Of the $16$ tiles, $15$ are straight and $1$ is crocked ("L" shaped).
When you tile the square with these tiles you should get that one unit is left un-tiled (because $7 \times 7=49$ and $16\times (3\times1)=48$).
The question is in what locations can the un-tiled square be?
Keep in mind that you can rotate the pieces.
I've never saw this kind of questions before so I'm not sure how to go about solving something like this. I tried to check some positions and it seems that the "L" shaped tile cannot be placed in the corners, but I don't know how to continue…
Any help will be appreciated because this is driving me crazy.
Thanks.
Best Answer
I think this coloring works. Color each row 0 1 2 0 1 2 0 (so the 1st column is all 0, the 2nd is all 1, etc.). This gives you 21 zeros, 14 ones, 14 twos. A straight tile covers three the same (if it's vertical) or one of each (if it's horizontal). If we say it covers $a$ zeros, $b$ ones, and $c$ twos, then in either case $a\equiv b\equiv c$, modulo 3. It follows that the four spaces left after you place the 15 straight tiles are 4 0 0 (that is, 4 zeros, no ones, no twos), or 2 1 1 or 0 2 2. Now the L has to cover some permutation of 2 1 0, and the uncovered square has to be some permutation of 1 0 0. Some of these work, e.g., 2 1 0 plus 0 0 1 gives 2 1 1. But there is no way to add 1 0 0 to any permutation of 2 1 0 to get any of 4 0 0, 2 1 1, or 0 2 2, so the uncovered square can't be a zero, that is, it can't be in the 1st, 4th, or 7th column.
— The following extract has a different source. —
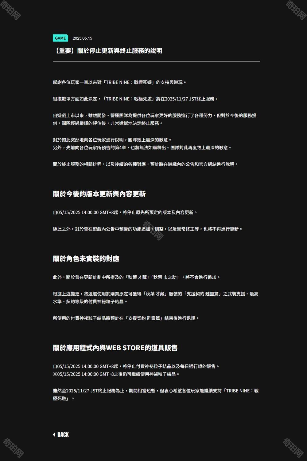 官网关服公告查看地址:https://tribenine.tokyo/zh-hant/news/250515/

Applying the transpose, it can't be in the 1st, 4th, or 7th row, either. That leaves only 12 places where it can be. By symmetries of the square, these 12 places are of only three types, so if you can find a tiling leaving each of these three types uncovered, you're done. Ross has found a tiling leaving what I'd call $(2,2)$ uncovered; now it remains to do $(2,3)$ and $(3,3)$.